Exercise = This exercise calls for an exact copy of the listing, with no pictures kept.

•••••

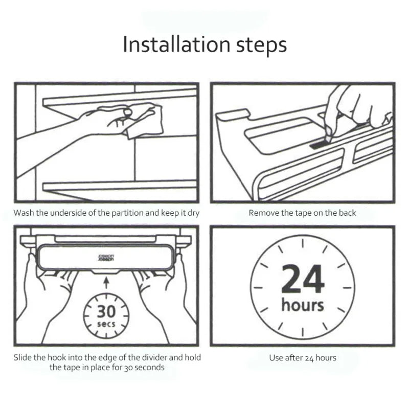 Installation is a breeze - no tools required. Simply peel off the backing and stick it on for a secure hold. Crafted from premium food-grade materials, this organizer is built to last and easy to clean. Transform your kitchen into an organized oasis with Slide-N-Savor.
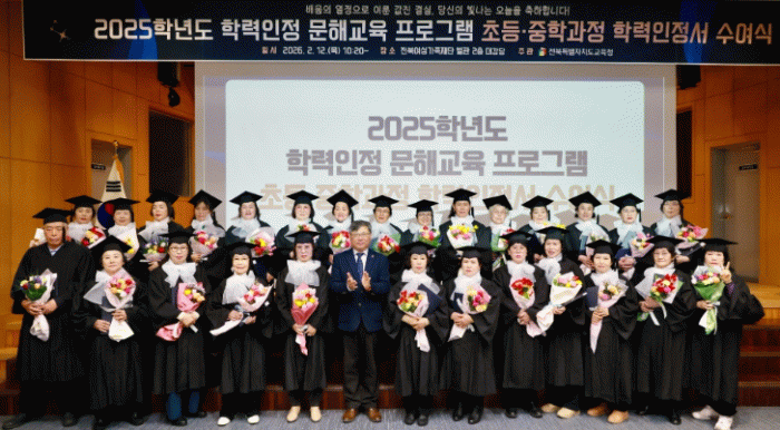 전북특별자치도교육청은 12일 전북여성가족재단 별관 2층 대강당에서 유정기 교육감 권한대행이 참석한 가운데 ‘2025학년도 학력인정 문해교육 프로그램 학력인정서 수여식’을 개최했다.
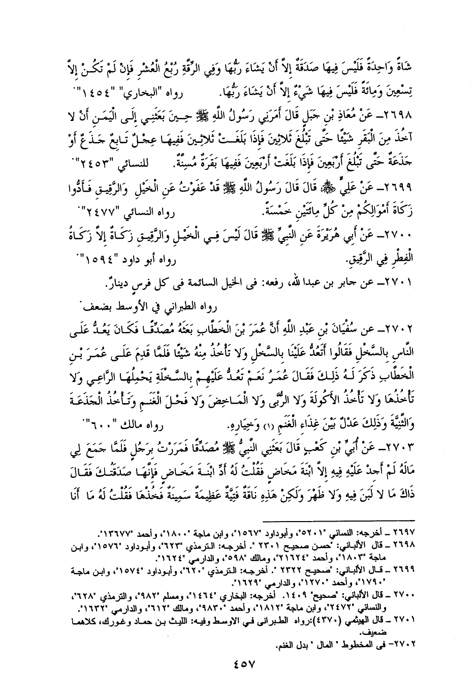 2699 - عَلِيٌ رفعه: ((قَدْ عَفَوْتُ عَنِ الْخَيْلِ وَالرَّقِيقِ، فَأَدُّوا زَكَاةَ أَمْوَالِكُمْ مِنْ كُلِّ مِائَتَيْنِ خَمْسَةً)). هما لأصحاب السنن بلفظ النسائي (¬1).
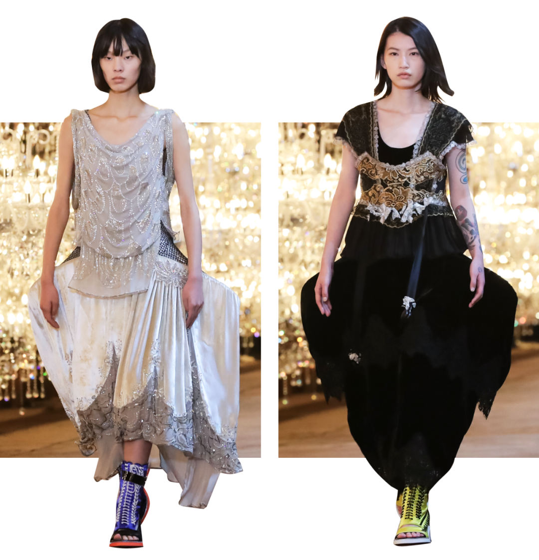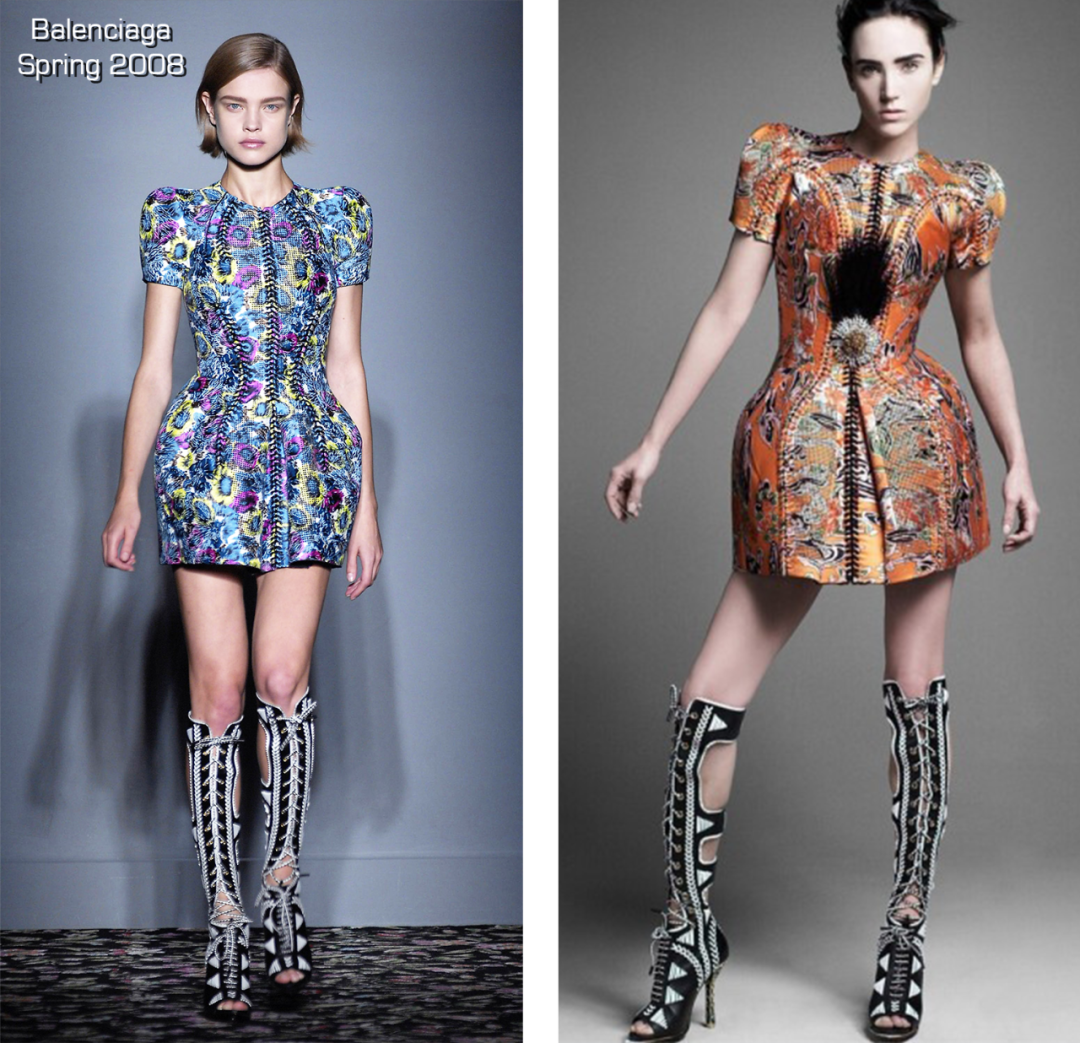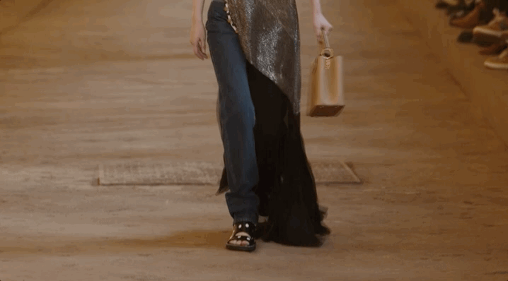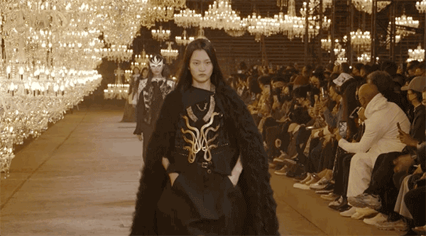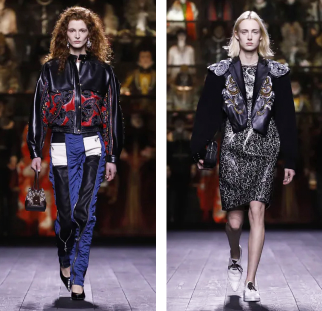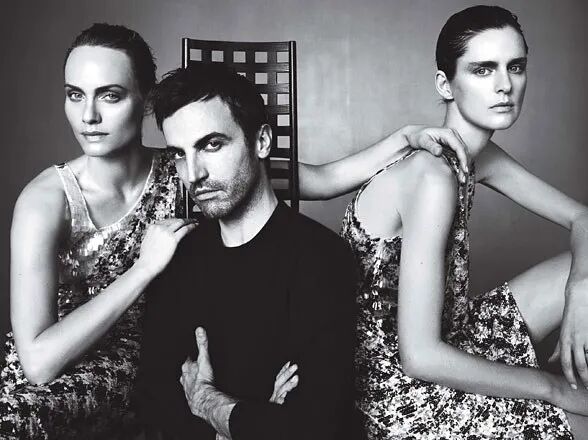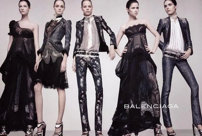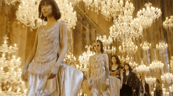 Nicolas Ghesquière来自法国的一个偏远小城市,但他从12岁开始就展露出设计的才华。 他最大的消遣就是在纸上画画,有时设计衣服,有时设计汽车,有一次还把奶奶家里的水晶灯吊坠改装成了入时的耳环。(不知道这次秀场的水晶灯布置,和Nicolas的水晶灯耳环有没有关系?)(Louis Vuitton FW 2014) 18岁的时候,尽管父母极力反对,他还是拒绝了艺术院校的录取,一个人单枪匹马地杀到巴黎,成为了设计师Jean Paul Gaultier(让·保罗·高提耶)的一名小助理。 当时的Nicolas干得最多的活儿不是设计,而是跑腿买咖啡和无休无止的复印打印,但这却是他第一次有机会接触到真实的时装行业。亲眼见证一个完整的系列从无到有的诞生,这可能是比学历更加重要的体验。 Jean Paul Gaultier每次创作新系列的时候都会先描述出自己想要的感觉,他的灵感来源乍听之下会让人倒吸一口冷气:东一点民族元素,西一点宗教元素,看上去毫无章法可言…… 但最后他总有办法把这些零散的灵感全部都烩制成自己全新的创作,而且最厉害的是:毫无生搬硬凑的痕迹。 这种魔法般的融合手法也深深地影响了Nicolas Ghesquière,为他之后的设计奠定了理念上的基础。
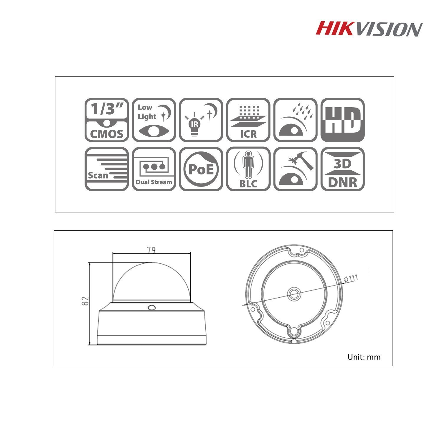 Hikvision 4CIP_DS-2CD2132FIS - Hikvision DS-2CD2132FIS Caméra Dôme Focale Fixe IR 3MP 4mm - Version Internationale

•••••

Output below =
 Installation is a breeze - no tools required. Simply peel off the backing and stick it on for a secure hold. Crafted from premium food-grade materials, this organizer is built to last and easy to clean. Transform your kitchen into an organized oasis with Slide-N-Savor.
 전북특별자치도교육청은 12일 전북여성가족재단 별관 2층 대강당에서 유정기 교육감 권한대행이 참석한 가운데 ‘2025학년도 학력인정 문해교육 프로그램 학력인정서 수여식’을 개최했다.
 2699 - عَلِيٌ رفعه: ((قَدْ عَفَوْتُ عَنِ الْخَيْلِ وَالرَّقِيقِ، فَأَدُّوا زَكَاةَ أَمْوَالِكُمْ مِنْ كُلِّ مِائَتَيْنِ خَمْسَةً)). هما لأصحاب السنن بلفظ النسائي (¬1).
 Nicolas Ghesquière来自法国的一个偏远小城市,但他从12岁开始就展露出设计的才华。 他最大的消遣就是在纸上画画,有时设计衣服,有时设计汽车,有一次还把奶奶家里的水晶灯吊坠改装成了入时的耳环。(不知道这次秀场的水晶灯布置,和Nicolas的水晶灯耳环有没有关系?)(Louis Vuitton FW 2014) 18岁的时候,尽管父母极力反对,他还是拒绝了艺术院校的录取,一个人单枪匹马地杀到巴黎,成为了设计师Jean Paul Gaultier(让·保罗·高提耶)的一名小助理。 当时的Nicolas干得最多的活儿不是设计,而是跑腿买咖啡和无休无止的复印打印,但这却是他第一次有机会接触到真实的时装行业。亲眼见证一个完整的系列从无到有的诞生,这可能是比学历更加重要的体验。 Jean Paul Gaultier每次创作新系列的时候都会先描述出自己想要的感觉,他的灵感来源乍听之下会让人倒吸一口冷气:东一点民族元素,西一点宗教元素,看上去毫无章法可言…… 但最后他总有办法把这些零散的灵感全部都烩制成自己全新的创作,而且最厉害的是:毫无生搬硬凑的痕迹。 这种魔法般的融合手法也深深地影响了Nicolas Ghesquière,为他之后的设计奠定了理念上的基础。
 Hikvision 4CIP_DS-2CD2132FIS - Hikvision DS-2CD2132FIS Caméra Dôme Focale Fixe IR 3MP 4mm - Version Internationale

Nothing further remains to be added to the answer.